Jakarta, CNBC Indonesia - Pemerintah tengah bersiap menjalankan program pencampuran Bahan Bakar Nabati (BBN) bioetanol ke dalam BBM jenis bensin sebesar 5% (E5). Langkah tersebut dilakukan guna tujuan menekan impor bahan bakar fosil.

Direktur Jenderal Energi Baru Terbarukan dan Konservasi Energi (EBTKE) Kementerian ESDM Eniya Listiani Dewi memprediksi bahwa program ini akan mulai berjalan antara tahun 2025 atau 2026. Adapun, regulasi mandatori bioetanol nantinya akan tertuang di dalam Keputusan Menteri (Kepmen) ESDM.

"Dari sini kita akan mengeluarkan keputusan Menteri. Jadi keputusan Menteri akan terpisah untuk memandatorikan," kata Eniya dalam acara Coffee Morning CNBC Indonesia, dikutip Senin (19/5/2025).

Namun demikian, ia mengakui bahwa pengembangan bioetanol selama ini mengalami sejumlah hambatan. Salah satunya yakni pungutan bea cukai sekalipun penggunaannya untuk campuran bahan bakar.

Menurut Eniya, meski Peraturan Menteri Keuangan (PMK) telah menetapkan bahwa cukai hanya dikenakan pada minuman beralkohol, namun persoalan muncul pada klasifikasi baku lapangan usaha Indonesia (KBLI) yang masih berbelit-belit.

"Ini kalau dari PMK sendiri, peraturan Kementerian keuangan itu sudah mengeluarkan, hanya menetapkan cukai itu di minuman saja. Jadi kalau untuk bahan bakar tidak. Tetapi ada sedikit KBLI yang berbelit. Jadi nanti harus di clear kan di nomor KBLI nya," katanya.

Senada, CEO Pertamina New and Renewable Energy (PNRE), John Anis menilai bahwa bioetanol untuk bahan bakar seharusnya tidak disamakan dengan alkohol untuk konsumsi. Terlebih, selain untuk mengurangi impor, pemanfaatannya ditujukan menekan emisi karbon.

"Ini kan untuk mobil, untuk kendaraan, jadi seharusnya sih sudah pasti penurunan emisi juga, seharusnya lebih straightforward ya bahwa ini dengan administrasi singkat itu bisa segera diberikan exception karena per titik juga," kata dia.

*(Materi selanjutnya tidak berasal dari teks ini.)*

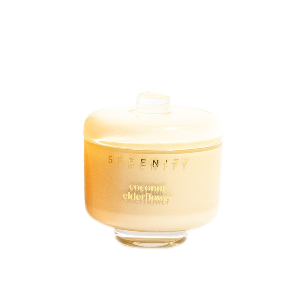 This luxury, two-wick candle features a coloured glass vessel and lid, which add a touch of sophistication to any setting
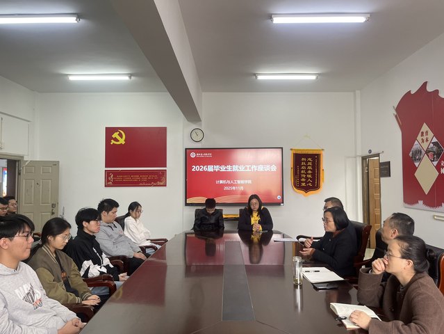 本网讯(通讯员 李婷)2025年11月12日上午10时30分,计算机与人工智能学院在10号教学楼三楼会议室召开毕业生就业工作座谈会。学院党委书记陈宇、院长杨莉、党委副书记王敏、副院长王海军、实训教师曹晓明、毕业班辅导员及毕业生代表等共同参会。
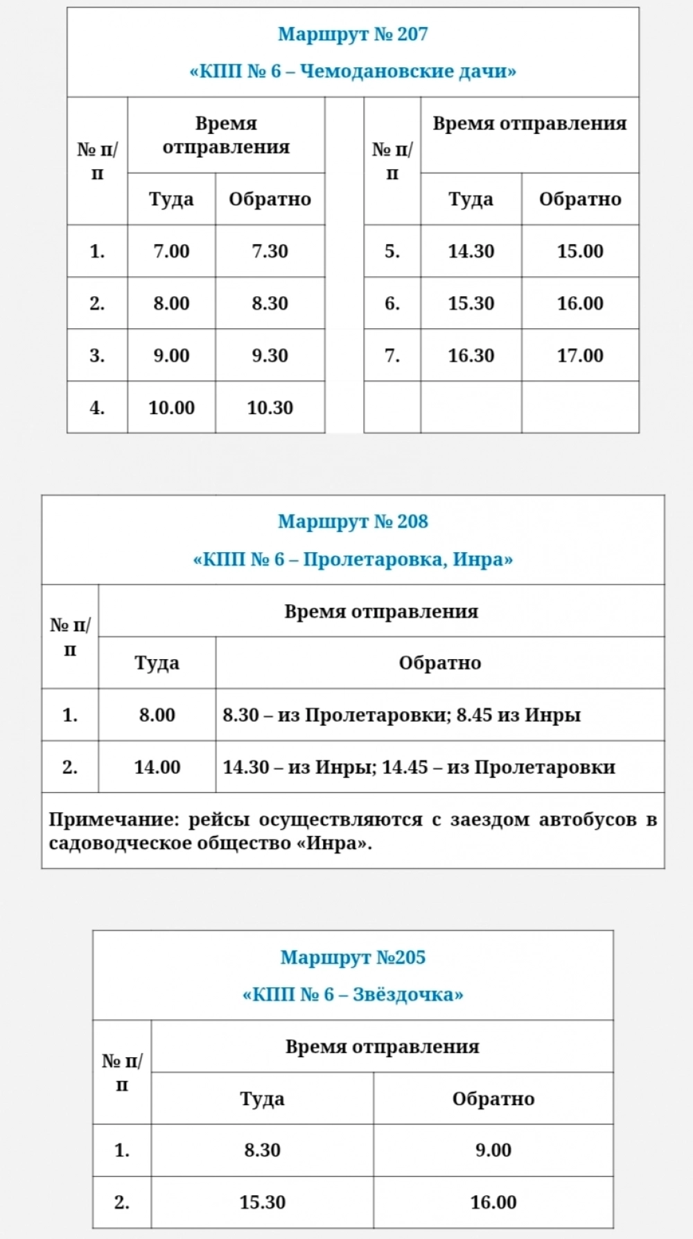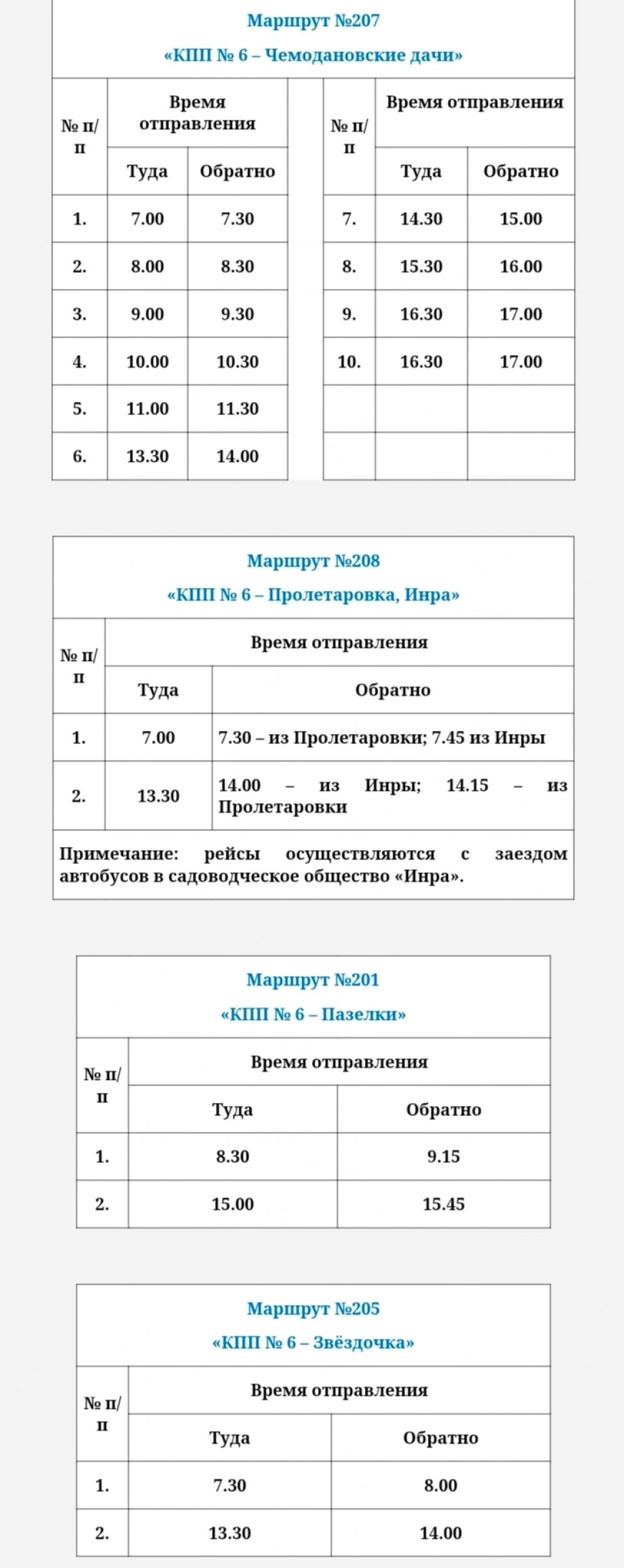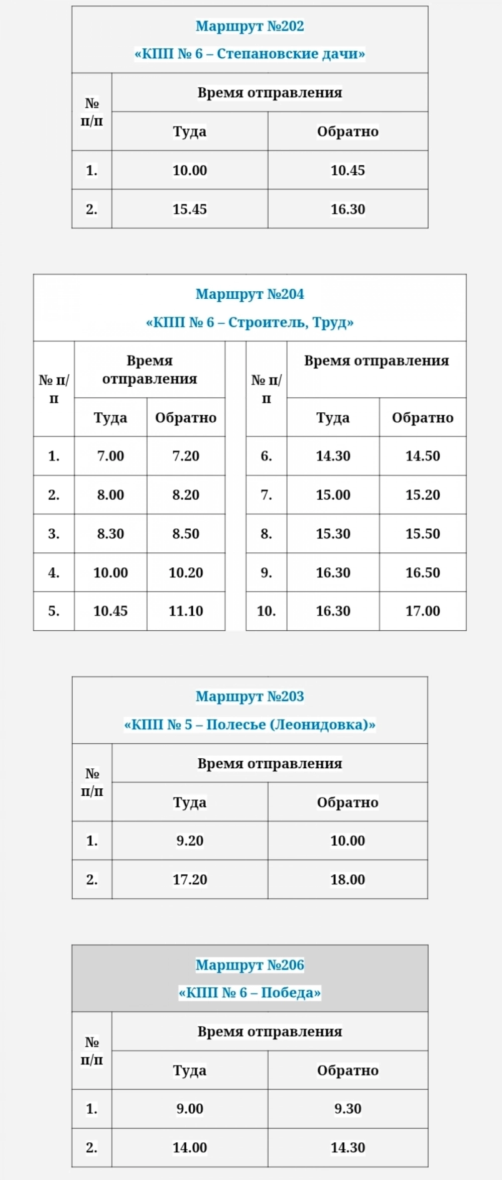 График движения общественного транспорта в направлении коллективных садов в рабочие дни во вторник и четверг:
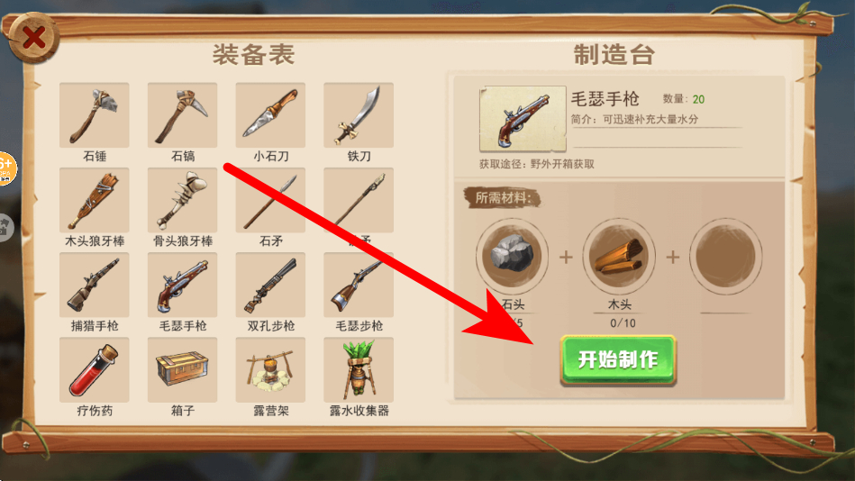 2、然后制作武器,進(jìn)入制造界面,查看各類(lèi)武器的所需材料,當(dāng)材料集齊后,點(diǎn)擊“開(kāi)始制作”按鈕,就能制作出相應(yīng)的武器,提升生存與戰(zhàn)斗能力。
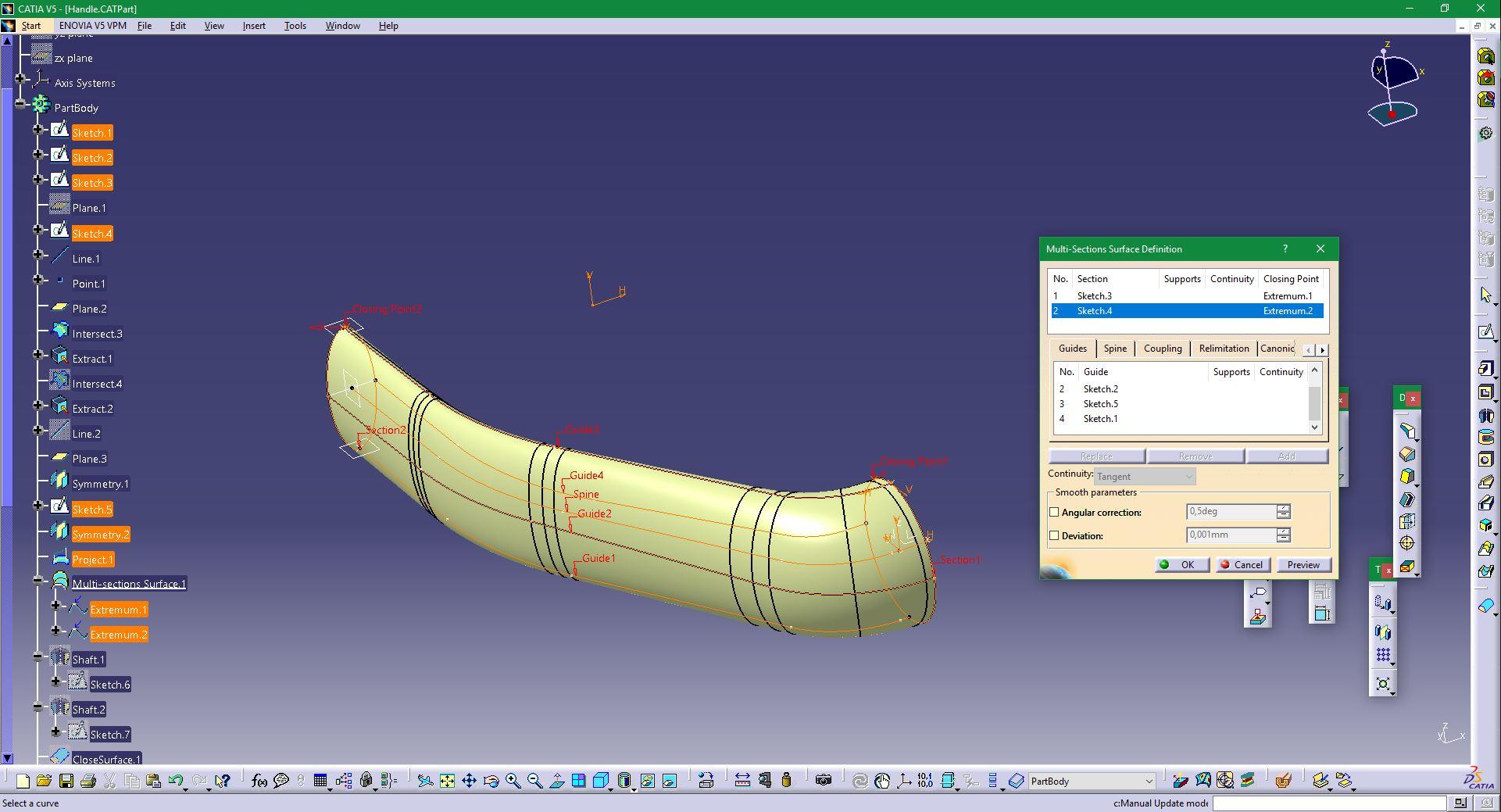 This gives me 4 guides, 1 spine, 2 sections to follow.
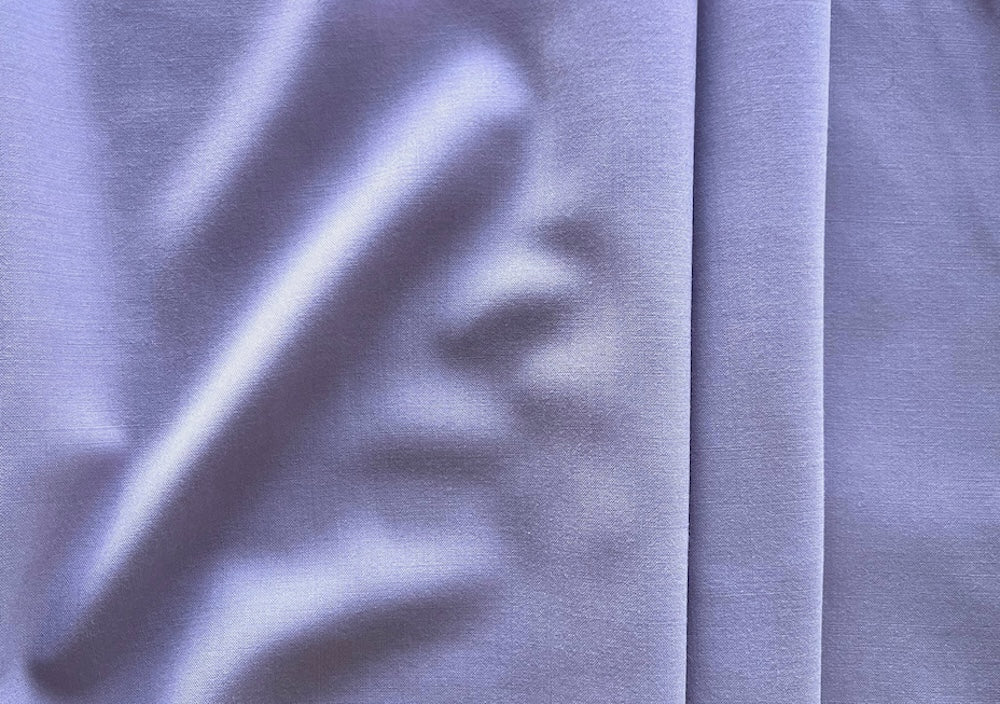 A lighter-weight stretch wool suiting in fresh wild lilac - with a touch of lycra for comfort, this smooth wool suiting is perfect for summer tailoring, travel garments, classic tailoring, slacks, dresses, or a stand-out suit. Made in Italy. Wool and lycra. 60" wide.
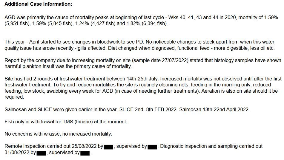 Here's a Fish Health Inspectorate report relating to an inspection in August 2022 of Loch Duart's RSPCA Assured salmon farm in Loch Laxford – published by the Scottish Government on 15 November 2022:
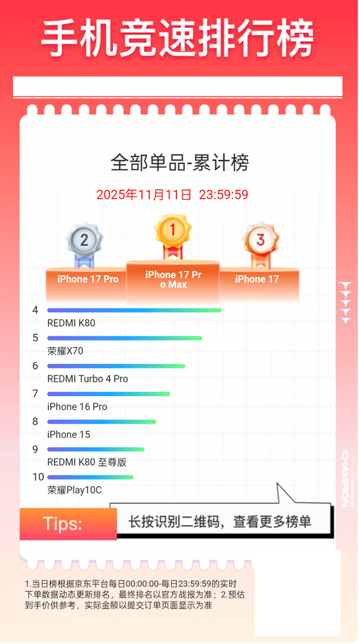 在京东11.11通盘单品累计榜中,iPhone 17 Pro Max、iPhone 17 Pro与iPhone 17包揽前三,iPhone 16 Pro、iPhone 15也插足前十,iPhone竞争力仍旧在线。REDMI推崇亮眼,REDMI K80、REDMI Turbo 4 Pro、REDMI K80至尊版三款机型上榜,插足通盘单品累计榜前十。
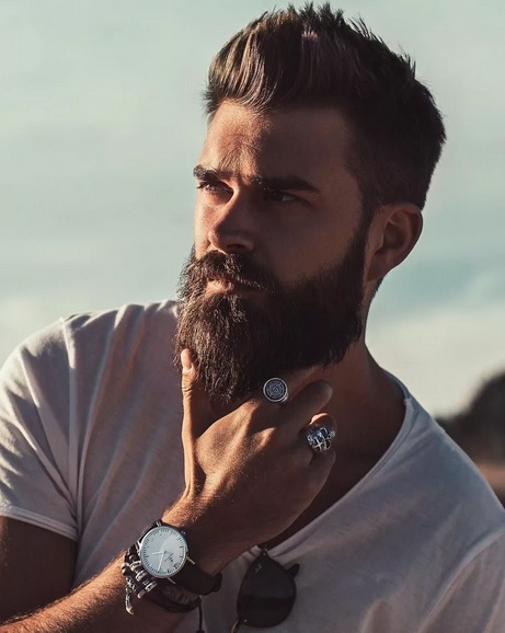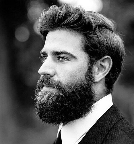 - مثلث مقلوب. اللحية الكثيفة مناسبة أيضًا للرجال الذين يعانون من هذا النوع من الوجه. في كثير من الأحيان يكملونها بسوالف عريضة.
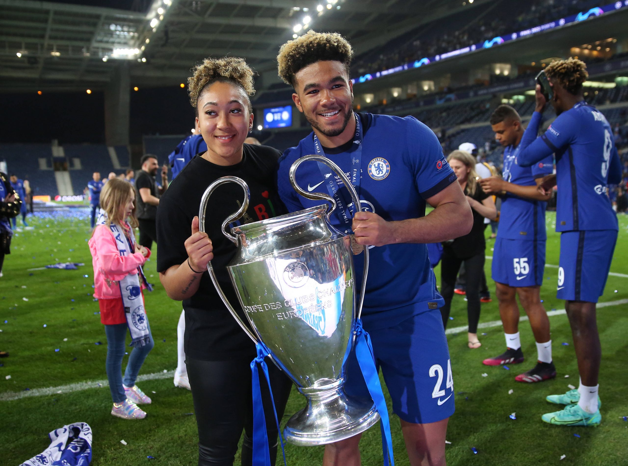 Porto, Portugal, 29th May 2021. Reece James of Chelsea poses with his sister Lauren James and the trophy during the UEFA

Menurut dia, dengan dihapuskannya pungutan cukai untuk etanol yang digunakan sebagai bahan bakar akan sangat membantu. Namun ia juga menyarankan agar pihaknya juga mendapat dukungan lain seperti penghapusan PPN untuk bioetanol.

"Pastinya akan membantu tapi kami juga berharap yang lain misalnya PPN, PPN pro, PPN hasil nanti blending-nya juga bisa di-accepted kemudian juga nanti pada saat pembangunan pabrik kan maksimum jadi peralatan-peralatan yang nanti akan diimport, kita berharap juga data keringanan untuk dia masuk. itu sangat membantu, termasuk juga tax holiday atau tax incentive," katanya.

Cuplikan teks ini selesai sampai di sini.